Thursday, October 27, 2011

Update: ESXi 5.0 on HP G7 blades, now a Go!

About three weeks back I reported on Emulex firmware problems that prevented the use of ESXi 5.0 on HP G7 blade hardware. This was fixed now, somehow...

HP has now updated the advisory that describes the issue and published an updated firmware that fixes the VLAN handling problems with ESXi 5.0 if it is used together with the be2net driver 4.0.355.1.

Be sure that you read the release notes of the firmware! It looks like it is an emergency/workaround release that leaves many issues unresolved. A firmware version that you can really trust for production will probably be available mid-November.

Update (2012-12-09): HP and Emulex published the final version of the OneConnect firmware (4.0.360.15a) on Nov 19th. VMware's KB2007397 also lists the recommended drivers to use with this firmware for both ESXi 4.1 and 5.0.

Update (2012-03-09): HP has published yet another firmware update on March 5th. Download version 4.0.360.15b. The previous link has become invalid.

Update (2012-04-16): Please refer to my HP & VMware links page to find the download for the latest version of the firmware.

Wednesday, October 26, 2011

VMware finally released the Open Source Code of vSphere 5.0!

Great news! Today VMware finally made the vSphere v5.0 Open Source code archives available for download.

Why is that important?

Since the release of VMware's ESXi 5.0 (Aug 24, 2011) many people are asking for the development of drivers for hardware devices that are not supported by ESXi 5.0 out-of-the-box.

ESXi device drivers are based on Linux device drivers (which lead to the persistent misunderstanding that ESXi itself is based on Linux), but the stock Linux driver code must be modified in a specific way to be compatible with ESXi.

With past versions of ESXi (up to 4.1) it was possible to study and reproduce these required modifications, because VMware published the source code of the ESXi device drivers (the original Linux code plus their modifications). The reason for this is that most Linux drivers are licensed under the GPL (General Public License), and the GPL requires that derived works are also published under the GPL and their source code is made freely available (aka the "Copyleft" principle).

Now, that VMware also published the Open Source Code of ESXi 5.0 (including the device drivers that it contains) it will be possible (or at least much easier) to develop custom ESXi 5.0 drivers for devices that are not officially supported by VMware.

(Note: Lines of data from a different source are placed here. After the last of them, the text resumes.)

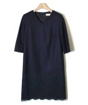 裾レースウールワンピース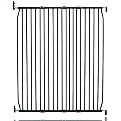 OVER 20 YEARS OF TRUST? Safetots, a family-owned business, has been dedicated to creating safe and secure spaces for children and pets for over two decades. Our commitment to safety and quality ensures that our products are rigorously tested to meet the highest current standards. With a legacy of trust and reliability, Safetots is a name you can depend on for your family's safety needs. RELIABLE SAFETY - Crafted from durable materials, our products ensure long-lasting protection. Smooth, rounded edges prevent injuries, while finishes are lick-safe and bite-proof for ultimate safety. Our sturdy baby gates feature robust, toddler-climb-proof, and finger-safe construction with a double-lock childproof opening system. Designed to exceed industry safety testing, all our baby gates pass the stringent Safety Barrier Standards EN1930:2011, providing unparalleled security. Safetots Extra Tall Eco Screw Fit Baby Gate, 120cm - 130cm COLOUR - Black - Features a high-quality paint finish that is rigorously tested and certified to be free from harmful chemicals. This ensures a child-safe coating, providing peace of mind while maintaining a durable and attractive appearance. HEIGHT OF GATE - When installed - 100cm SCREW FIT (HARDWARE MOUNTED) - Provides a highly secure mounting solution for the safety gate. No trip hazard and wide walkthrough doorway make this gate especially suitable for use at the top of the stairs and ideal for any space for longer-term use and high-traffic areas. Ensures maximum stability and durability. ONE WAY GATE STOPPER - Gate opens only in your desired direction, a safety feature essential for the stairs and useful around the home. NO TRIP GATE - No bottom bar, ensuring no tripping hazards as you walk through the gate. SIMPLE CLOSE - Manual closing system for quick and easy locking. NO FRAME DESIGN - All door and no frame design ensures maximum passage and walkthrough space. EASILY EXTENDABLE- The gate can be effortlessly extended with simple one-piece gate extensions, accommodating various doorway widths. STAY OPEN ABILITY - The safety gate remains open until you decide to close it. NO HANDLE DESIGN - Seamless latch operation for opening and closing. EXTRA TALL - Designed to be exceptionally tall, sturdy, and secure, making it ideal for both children and pets. Meets EN1930:2011 safety standards. EASE OF INSTALLATION & STYLISH DESIGN - Our gates offer quick, simple installation with detailed instructions for a secure fit. The intuitive one-hand opening mechanism for adults and easy-to-close, secure locking system enhance user-friendliness. Stylish and high-quality designs complement your home interior, making our products highly rated for reliability and ease of use. A comprehensive warranty is included, reflecting our commitment to customer satisfaction and product excellence.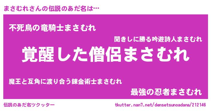 | 意味不明あだ名 | 『とにかく怪しいまさむれ』 |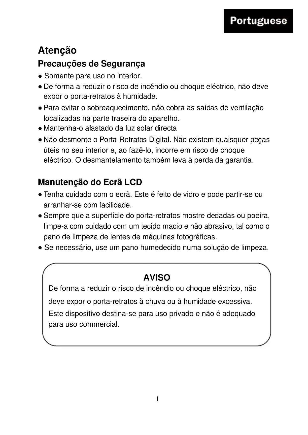 ● Não desmonte o Porta-Retratos Digital. Não existem quaisquer peças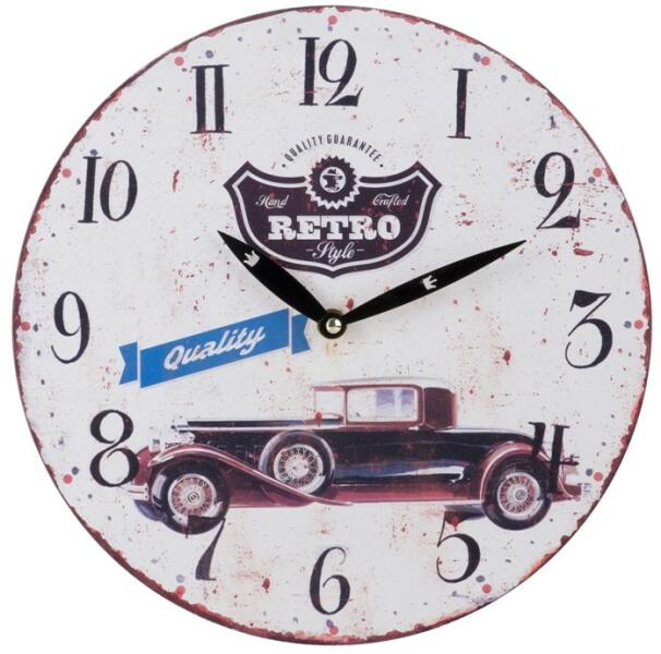 Retro nosztalgia autós műanyag falióra! Átmérő: 29cm 1db AA elemről működik (nem tartozék)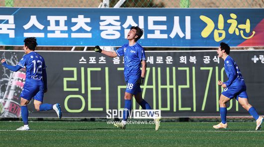 [스포티비뉴스=김천, 곽혜미 기자] 제22회 1,2학년 대학축구대회 중앙대와 상지대의 결승전이 22일 오후 경상북도 김천대학교 대운동장에서 열렸다. 중앙대 김수민이 후반전 골을 넣고 기뻐하고 있다. <저작권자 ⓒ SPOTV NEWS. 무단전재 및 재배포 금지>
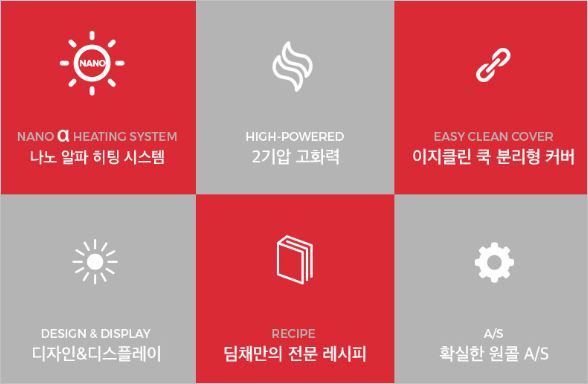 쿠첸만의 기술력으로 더욱 골고루, 더욱 빠르게 밥을 지을 수 있으며, 벌징기법을 사용하여 찰기가 더욱 강화되었다고 할 수 있습니다. 가격은 6인용 기준, 339,000원 입니다.

Wednesday, October 12, 2011

HP Virtual Connect profile not applied ...

When I recently rebooted one of our BL620c G7 blades with ESXi 4.1 installed on it I found that the server had suddenly lost network connectivity after the reboot.
A quick check on the console revealed that the Virtual Connect profile that was defined for that blade had not been applied to it. I realized that because the MAC addresses of the NICs had not been overwritten with the virtual addresses of the Virtual Connect profile.

I tried powering down and up the blade, re-assigning the Virtual Connect profile multiple times, all to no avail ... Then I had the idea that it might be related to the iLO-board of the blade, and - yes, indeed - after resetting the iLO3-board of the blade the Virtual Connect profile was properly applied and all was fine again.

While later looking on hp.com for some related information I stumbled over the Customer advisory c02820591 that described an issue with the Virtual Connect profile being lost upon an iLO3 reset. Not exactly the issue that I had, and the advisory also stated that this is fixed with iLO3 firmware version 1.20, and that is already installed on our iLOs. However, the advisory confirmed my assumption that the Virtual Connect profile is applied by the iLO-board.

So, if you have similar problems try resetting the iLO-board before you start pulling your hair out, or the blade out of the chassis ...